REQUIREMENT
Return the records exactly as they appear below, omitting the pictures.

INFORMATION GIVEN
-=-=-

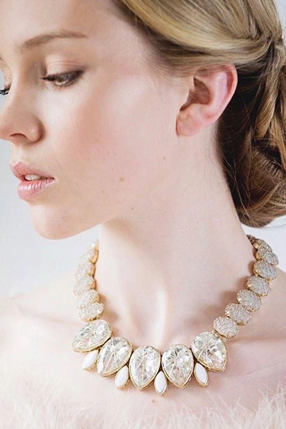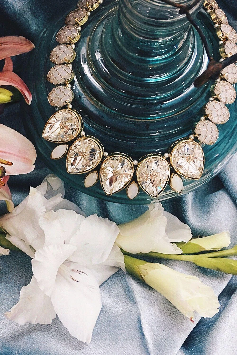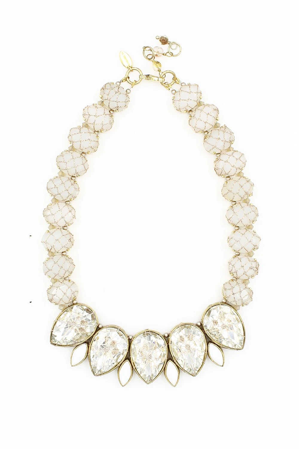 This bib necklace features stones engulfed in a light ivory peach crochet mesh. Elevate any minimalistic Indian or contemporary look with equal ease by styling it with these exceptional pair.
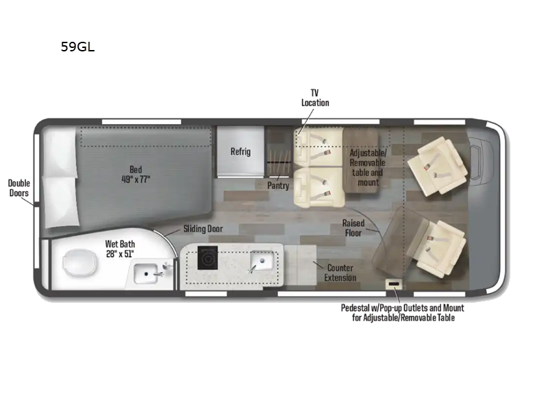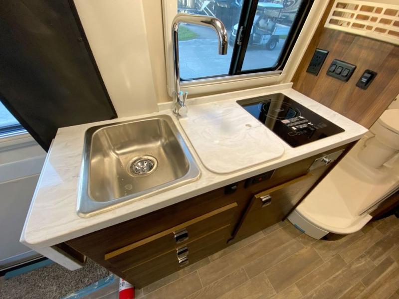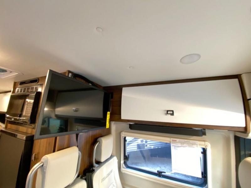 This motorhome has everything you need for a comfortable trip! You can roll out of the corner 49" x 77" bed then easily exit through the rear double doors to catch the beautiful sunrise. Freshen up in the 28" x 51" wet bath with a sliding door then head to the kitchen and grab some eggs from the two door 6.0 cu. ft. compressor-driven refrigerator/freezer then fry them on the single burner induction cooktop. The flip-up countertop extension will make your meal prepping easier and the cold water filtration system ensures you have clean water where ever you go. The two cab seats in the living area have an adjustable/removable table and mount to enjoy your meals. This model also comes with the Pure3 energy management system which has a 3-module lithium-ion energy pack, 3,200 watt inverter, a Bluetooth control module, an energy pack heating system, and a second dedicated alternator powered by the chassis engine!
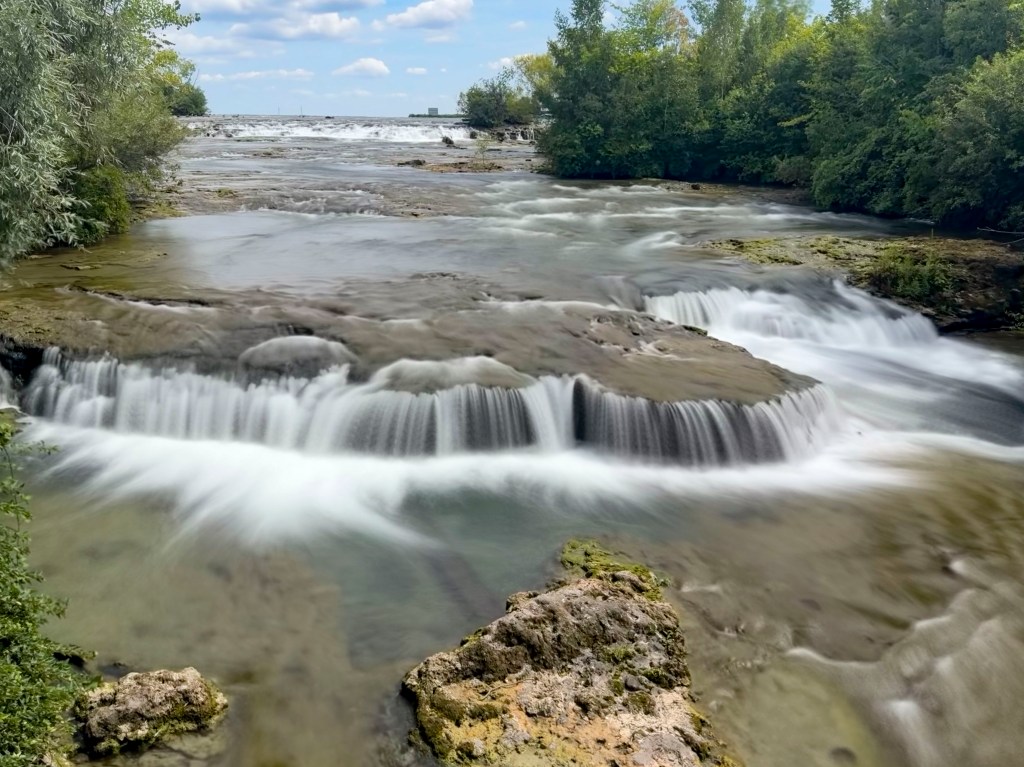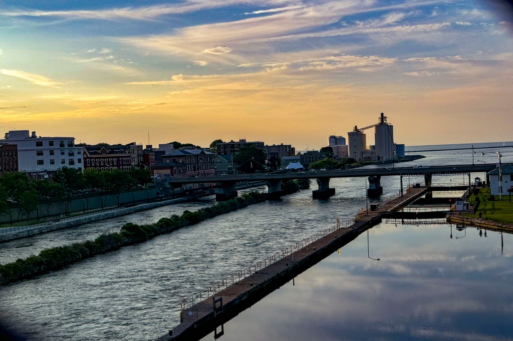 The river connects to the Erie Canal system. The calm water is the canal with a lock at the end, side by side with the rushing river.
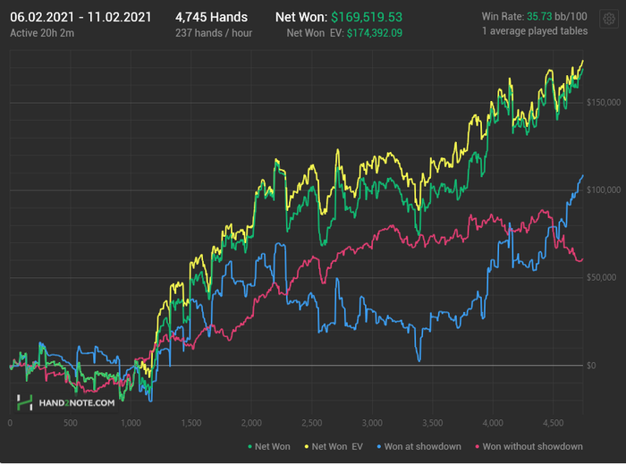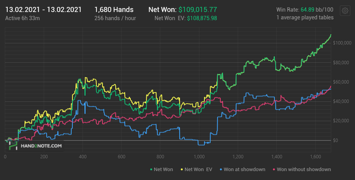 Kolejna grafika prezentuje lanie, jakie Wiktor zebrał 13 lutego. Swoją drogą, czym jest swing na 10 buy-inów w grze HU na dwóch stołach? Niestety prawdą jest, że te rezultaty wyglądają niepokojąco. Spójrzcie na czerwoną linię Rosjanina.
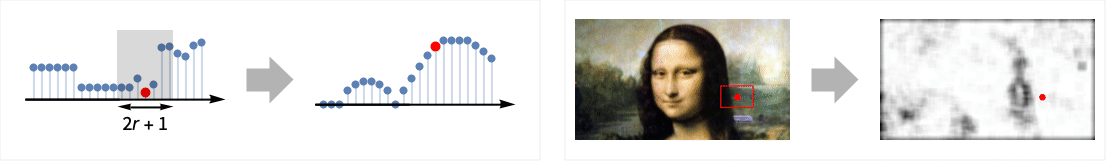filters data by replacing every value by the entropy value in its range-r neighborhood.
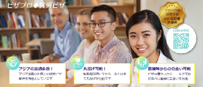 ビザプロ・就労ビザは、外国人が日本で働くための就労ビザ申請を専門で行っている行政書士事務所です。自己申請したものの不許可になってしまった人など、さまざまな要因で申請が降りなかった人に対して、面接時からの立会いを行うなど手厚いサポートがあります。まさにビザ申請のプロ集団。中国・韓国に加え、近年増えてきているネパール・ベトナム・台湾・ミャンマーなど、アジア出身の外国人就労ビザの取得を得意としています。
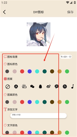5、在图标页面可进行DIY自定义操作。
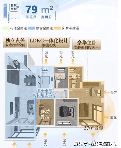 空间亮点:花池全赠送,飘窗全赠送,阳台半赠送,有效增加室内面积。
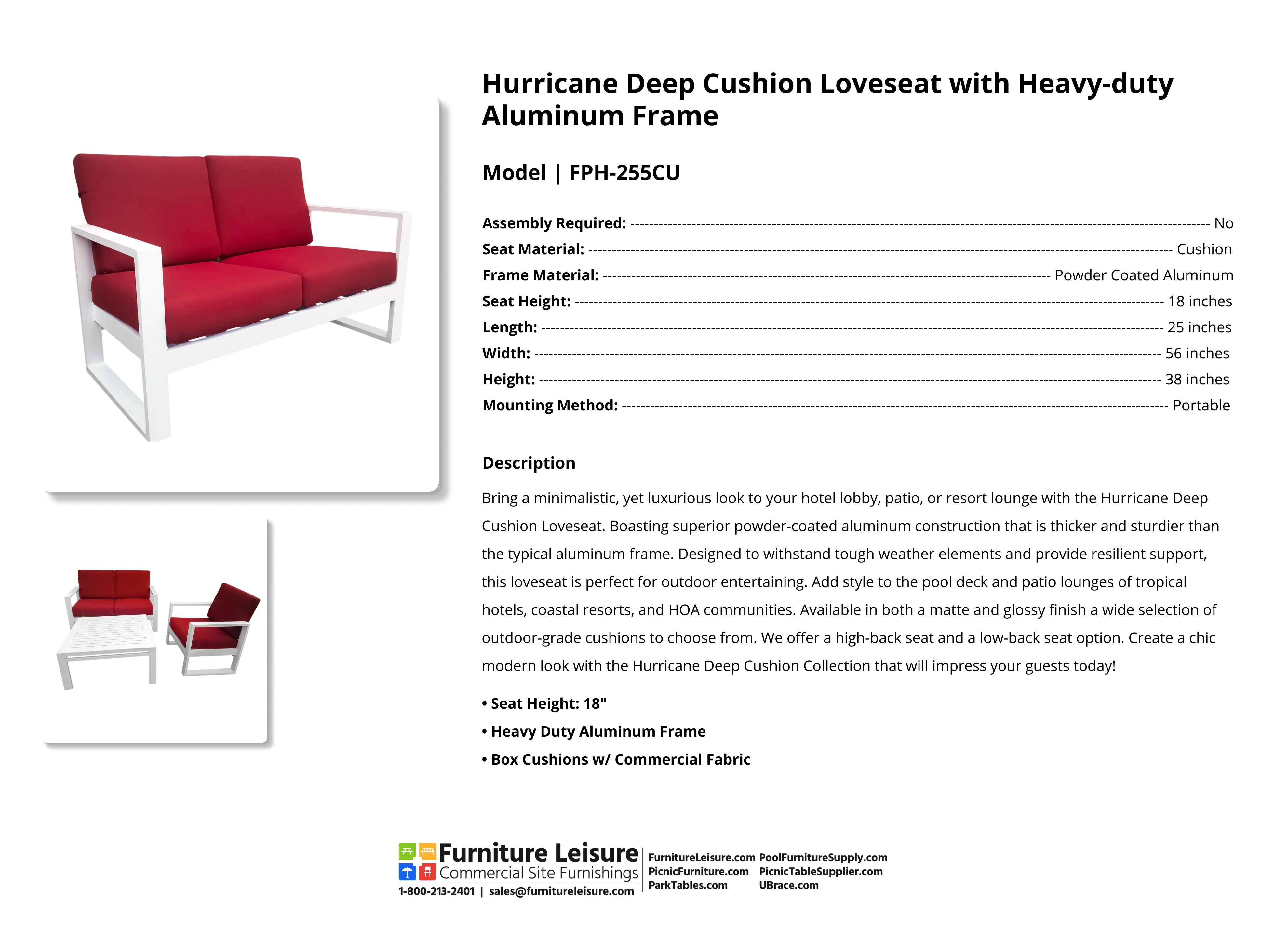The Hurricane Deep Cushion Loveseat is a perfect addition to any patio or deck lounge that gets a lot of winds. The heavy-duty aluminum frame is thicker than standard providing a stable frame that won't get tossed around in high winds. To ensure long-lasting durability the frame is sandblasted before powder-coating. It is perfect for both indoor and outdoor use and comes in a wide range of finishes. Pick from our wide selection of fabrics. Perfect for creating warm and inviting seating spaces, the Hurricane Deep Cushion Loveseat is the top choice for patios, lobbies, and lounge decks everywhere.
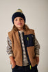Stoer jasje zonder mouwen in teddystof met donkerblauwe borstzak
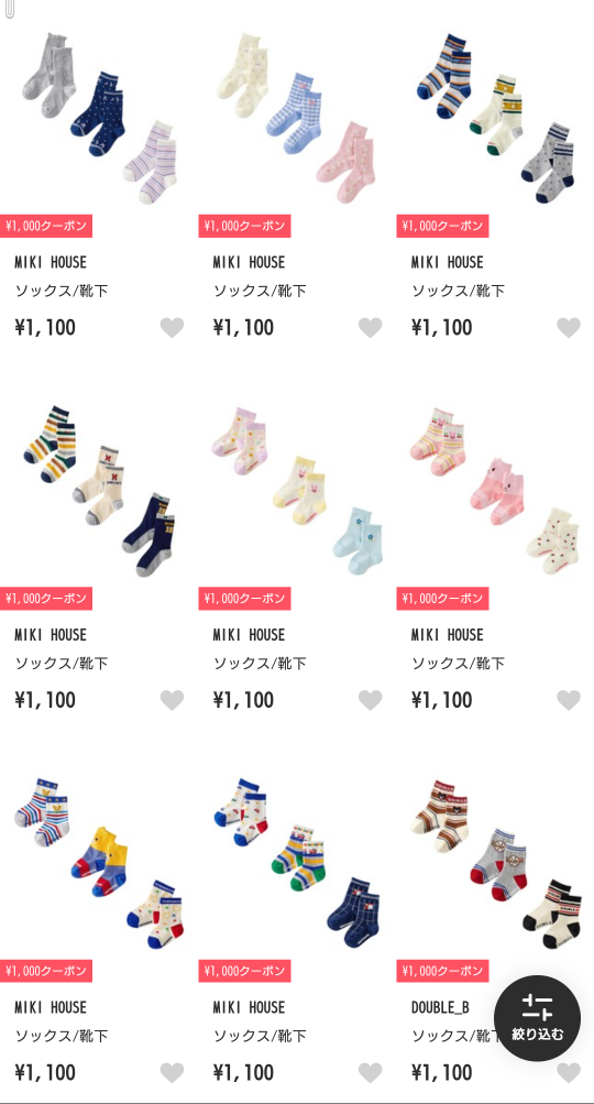 Z0さんで今日もミキハウスのクーポン出てるんですが、えー?1100円のソックスパックに1000円クーポン使えるようになってるんだけどどういうこと?!100円で買えちゃうよ??私が見たのは0時15分頃だったので、当然と言えばそうですが全て完売。うーん、0時ちょうどならあったのかしら??それともバグかミス??買えた方いたら羨ましいです。欲しかったなー。気を取り直して、他のものを見てたら顔ドンのTシャツを発見❤️かわいい〜✨✨楽天市場ではまだ入荷してないようでした。Zoなら売ってるけど…お値段が😅しばらくは眺めて楽しみます。【お買い物マラソン_ポイント2倍】【メール便_送料無料】mikihouse(ミキハウス) ダブルB(Doble_B) 2021年 新作ソックス パック ローカットソックス 靴下 ソックス ギフト、学校 通学 入園 入学 64-9623-389ネコポス便190円 ●【2021SS】【MIKI HOUSE★ミキハウス】ローカットソックスパック3足セット《17-19/19-21/21-23cm》プレゼント 男の子 女の子 入園準備 入学準備 出産祝い お返し 誕生日 クリスマス 子供 みきはうす 買い回り新作【2022年春夏】メール便送料無料 3Pソックスパック 男の子 女の子 17cm-19cm 19cm-21cm 21cm-23cm mikiHOUSEミキハウス ローカットソックス 靴下3足組新作【2022春夏】メール便送料無料 日時指定不可 ローカットソックス 3Pソックスパック 男の子 女の子 11cm-13cm 13cm-15cm 15cm-17cm 17cm-19cm 19cm-21cm ダブル_B ダブルビー ローカットソックス スニーカーソックス 靴下 3足組このぐらいなら買えるんだけどな(笑)【ポッキリ価格セール】【30%OFF以上】ホットビスケッツ(ミキハウス) Hot Biscuits by MIKIHOUSE お顔がどん!半袖Tシャツ【べビー】【メール便可】

-=-=-

RESPONSE TO THIS EXERCISE
 This bib necklace features stones engulfed in a light ivory peach crochet mesh. Elevate any minimalistic Indian or contemporary look with equal ease by styling it with these exceptional pair.
 This motorhome has everything you need for a comfortable trip! You can roll out of the corner 49" x 77" bed then easily exit through the rear double doors to catch the beautiful sunrise. Freshen up in the 28" x 51" wet bath with a sliding door then head to the kitchen and grab some eggs from the two door 6.0 cu. ft. compressor-driven refrigerator/freezer then fry them on the single burner induction cooktop. The flip-up countertop extension will make your meal prepping easier and the cold water filtration system ensures you have clean water where ever you go. The two cab seats in the living area have an adjustable/removable table and mount to enjoy your meals. This model also comes with the Pure3 energy management system which has a 3-module lithium-ion energy pack, 3,200 watt inverter, a Bluetooth control module, an energy pack heating system, and a second dedicated alternator powered by the chassis engine!
 The river connects to the Erie Canal system. The calm water is the canal with a lock at the end, side by side with the rushing river.
 Kolejna grafika prezentuje lanie, jakie Wiktor zebrał 13 lutego. Swoją drogą, czym jest swing na 10 buy-inów w grze HU na dwóch stołach? Niestety prawdą jest, że te rezultaty wyglądają niepokojąco. Spójrzcie na czerwoną linię Rosjanina.
filters data by replacing every value by the entropy value in its range-r neighborhood.
 ビザプロ・就労ビザは、外国人が日本で働くための就労ビザ申請を専門で行っている行政書士事務所です。自己申請したものの不許可になってしまった人など、さまざまな要因で申請が降りなかった人に対して、面接時からの立会いを行うなど手厚いサポートがあります。まさにビザ申請のプロ集団。中国・韓国に加え、近年増えてきているネパール・ベトナム・台湾・ミャンマーなど、アジア出身の外国人就労ビザの取得を得意としています。
5、在图标页面可进行DIY自定义操作。
 空间亮点:花池全赠送,飘窗全赠送,阳台半赠送,有效增加室内面积。
The Hurricane Deep Cushion Loveseat is a perfect addition to any patio or deck lounge that gets a lot of winds. The heavy-duty aluminum frame is thicker than standard providing a stable frame that won't get tossed around in high winds. To ensure long-lasting durability the frame is sandblasted before powder-coating. It is perfect for both indoor and outdoor use and comes in a wide range of finishes. Pick from our wide selection of fabrics. Perfect for creating warm and inviting seating spaces, the Hurricane Deep Cushion Loveseat is the top choice for patios, lobbies, and lounge decks everywhere.
Stoer jasje zonder mouwen in teddystof met donkerblauwe borstzak
 Z0さんで今日もミキハウスのクーポン出てるんですが、えー?1100円のソックスパックに1000円クーポン使えるようになってるんだけどどういうこと?!100円で買えちゃうよ??私が見たのは0時15分頃だったので、当然と言えばそうですが全て完売。うーん、0時ちょうどならあったのかしら??それともバグかミス??買えた方いたら羨ましいです。欲しかったなー。気を取り直して、他のものを見てたら顔ドンのTシャツを発見❤️かわいい〜✨✨楽天市場ではまだ入荷してないようでした。Zoなら売ってるけど…お値段が😅しばらくは眺めて楽しみます。【お買い物マラソン_ポイント2倍】【メール便_送料無料】mikihouse(ミキハウス) ダブルB(Doble_B) 2021年 新作ソックス パック ローカットソックス 靴下 ソックス ギフト、学校 通学 入園 入学 64-9623-389ネコポス便190円 ●【2021SS】【MIKI HOUSE★ミキハウス】ローカットソックスパック3足セット《17-19/19-21/21-23cm》プレゼント 男の子 女の子 入園準備 入学準備 出産祝い お返し 誕生日 クリスマス 子供 みきはうす 買い回り新作【2022年春夏】メール便送料無料 3Pソックスパック 男の子 女の子 17cm-19cm 19cm-21cm 21cm-23cm mikiHOUSEミキハウス ローカットソックス 靴下3足組新作【2022春夏】メール便送料無料 日時指定不可 ローカットソックス 3Pソックスパック 男の子 女の子 11cm-13cm 13cm-15cm 15cm-17cm 17cm-19cm 19cm-21cm ダブル_B ダブルビー ローカットソックス スニーカーソックス 靴下 3足組このぐらいなら買えるんだけどな(笑)【ポッキリ価格セール】【30%OFF以上】ホットビスケッツ(ミキハウス) Hot Biscuits by MIKIHOUSE お顔がどん!半袖Tシャツ【べビー】【メール便可】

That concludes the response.